I have used all the baits described above- and try to get and keep a variety on the boat because you never know what they might be in the mood for. One trip we ended up catching the biggest fish on dead scaled sardines. Who'd have guessed. 
Also big paddletails / swimbaits like the Big Hammer, or big grubs / curly tail soft plastic swimbaits.
I've even had them hit Shimano Flat-Fall jigs!


----------



## george hirst (Feb 28, 2014)

live menhaden!!


----------



## Mark Collins (Dec 27, 2012)

johnf said:


> I've used mostly cigar minnows and whatever the bait boat has on hand. Could I use cut ladyfish, bluefish and other plentiful surf fish as cut bait? I assume I should exclude hard heads.


Cut lady fish is awesome bait, you can catch several fish on 1 piece it is so tough.
Years ago the charter boats used salted down lady fish as bait


----------



## Bodupp (Oct 3, 2007)

Yam a dead cigar minnow inside a large squid. We call them "squid condoms".

Bonito chunks drifted back in a chum slick works awesome.

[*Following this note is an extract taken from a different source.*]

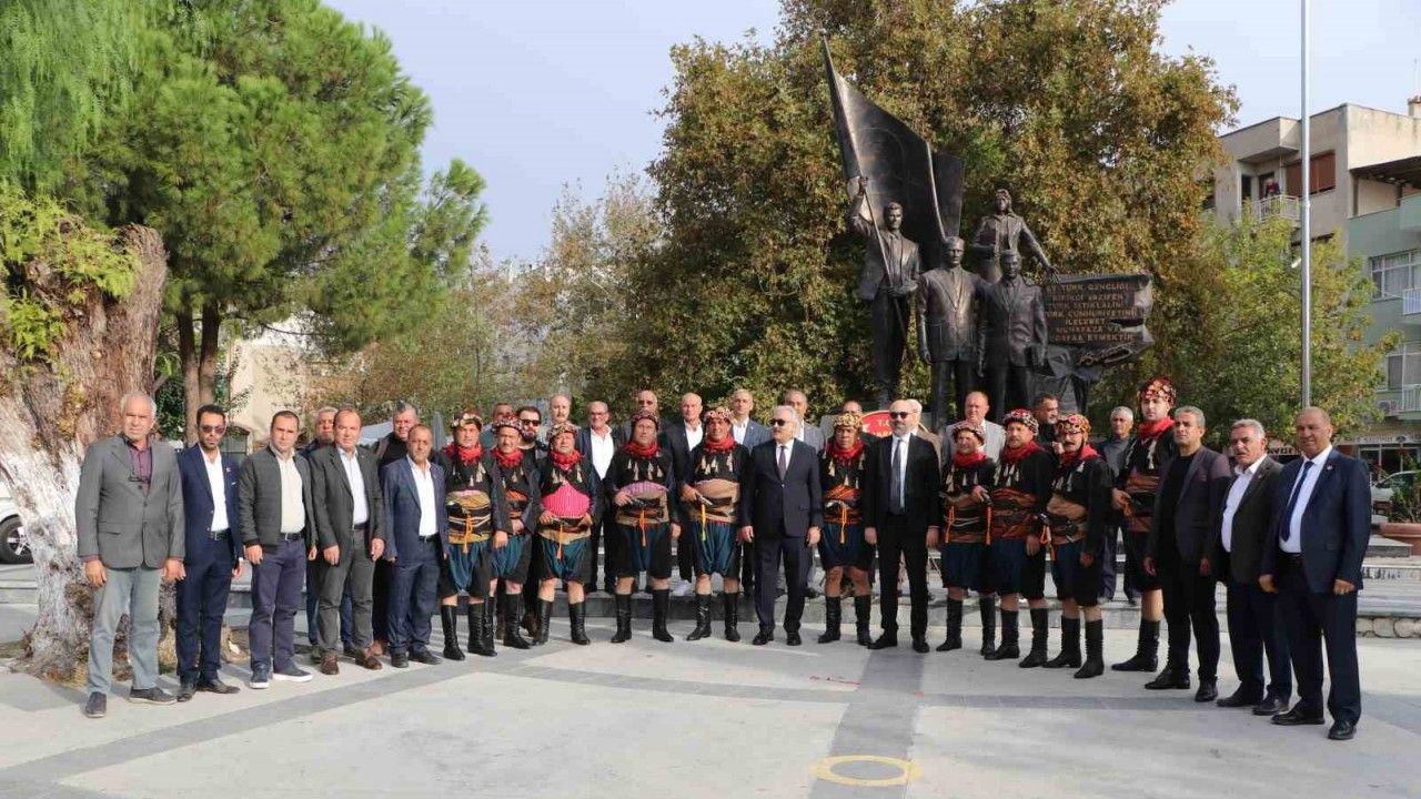 Söke Muhtarlar Derneği çelenginin Atatürk Anıtı’na çelenk sunumuyla başlayan tören, saygı duruşu ve İstiklal Marşı’nın okunmasıyla devam etti.

My favorite is live pinfish hooked through the lips.


----------



## Mark W (May 4, 2017)

I'm new to snapper fishing, but all the bigger ones that I caught last year was on Mendenhaden with the heads cut off hooked through the back. Probably a coinsidence.


----------



## wbdenamur (Jan 4, 2014)

I use large cut strips of king or Spanish mackerel. Big fish love it. The oily smell attracts them and the tough skin stays on better with multiple hits...less bait checking! Large northern mackerel will also work.


----------



## tbaxl (Mar 13, 2013)

Ham sandwich works as well as anything out there.


----------



## MrFish (Aug 21, 2009)

tbaxl said:


> Ham sandwich works as well as anything out there.

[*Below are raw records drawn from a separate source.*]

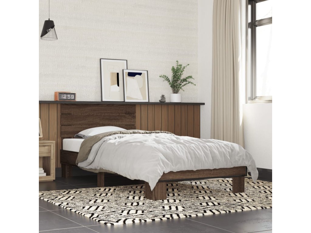 Rám postele hnědý dub 90 x 200 cm kompozitní dřevo a kov 845746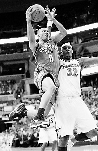 12月27日,雷鸣队球员威斯布鲁克(左)突破奇才队球员布拉奇的防守上篮。当日,在NBA常规赛中,华盛顿奇才队主场迎战俄克拉荷马雷鸣队。 新华社记者 张岩 摄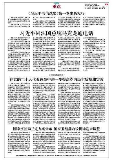 人民日报评论员: 当前,全党正深入学习贯彻党的十九届六中全会精神,开展党的二十大代表选举工作。坚持党的领导与发扬民主相统一,严格按规定程序选好二十大代表,是增强代表先进性和广泛代表性的重要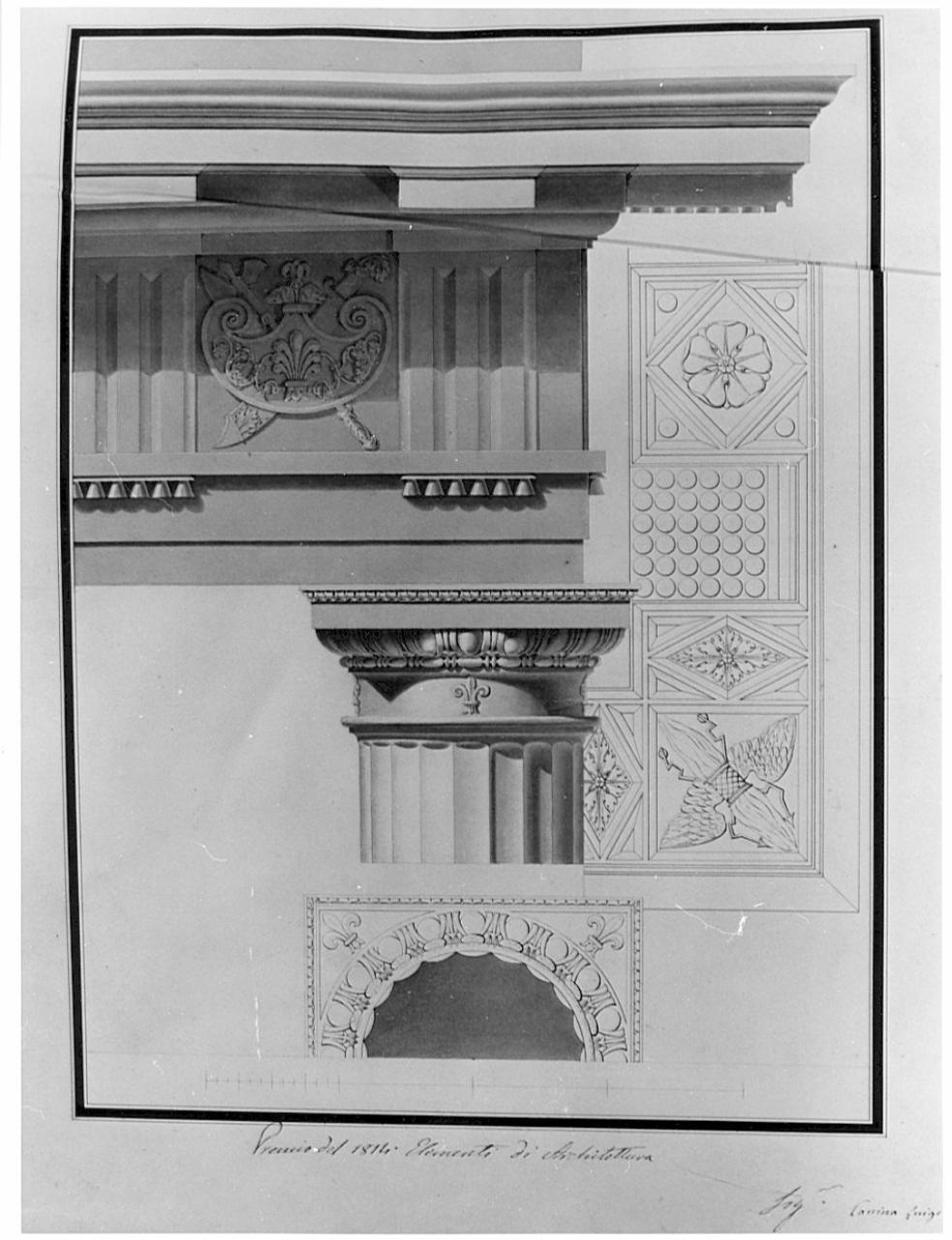 Trabeazione dell'ordine tuscanico a china e bistro su fondo chiaro, entro tripla linea di margine a china con ombreggiature. Inf.: sezione del fusto al sommoscapo e vista dal basso verso l'alto del capitello. Alzato di parte del fusto della colonna con scanalature a spigolo vivo, del capitello, del fregio con triglifi e metopa ornata di scudo e armi incrociate. Destra: veduta dal basso verso l'alto del sottogrondale della corona.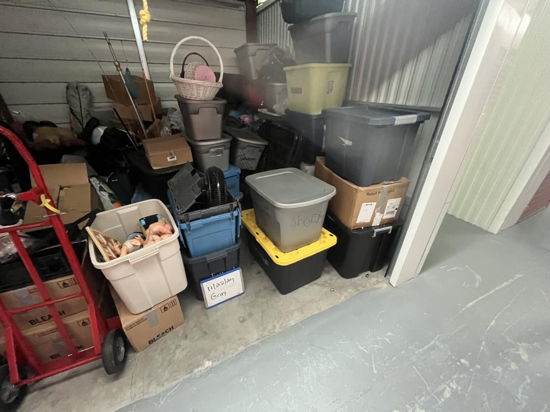 This unit appears to contain…TOTES, BOXES, FISHING POLES, TOYS, TENTS, HOUSEHOLD MISC.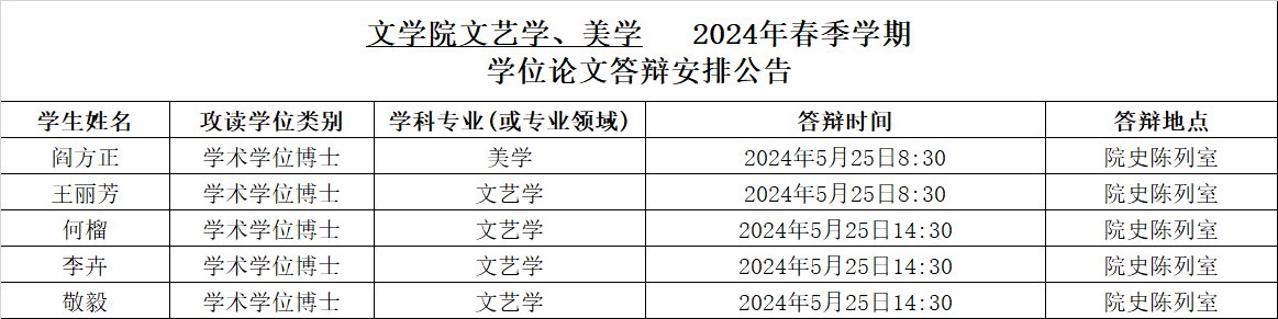 yl7703永利集团2024年春季学期文艺学、美学专业博士学位论文答辩安排公告

Bare hook. I can't believe there is a thread on what kind of bait for snappers. I can see one asking what they don't like.....


----------



## LIM-IT-OUT (Aug 26, 2014)

D. All the above


----------



## Jibber (Mar 29, 2014)

Cigar minnows. When we ran out of them we just use sandwich meat left over from lunch:thumbsup: No joke


----------



## FleaBag (Oct 19, 2016)

Squirrel fish if you want to catch the sow.


----------



## Deep South (Oct 8, 2007)

johnf said:


> Live?


Yes sir. Stop at any of the close in public spots and within 45 minutes you can usually load up.


----------



## JVT (Jun 5, 2009)

Live pinfish, and a butterflied ruby lips always gets a bite.


----------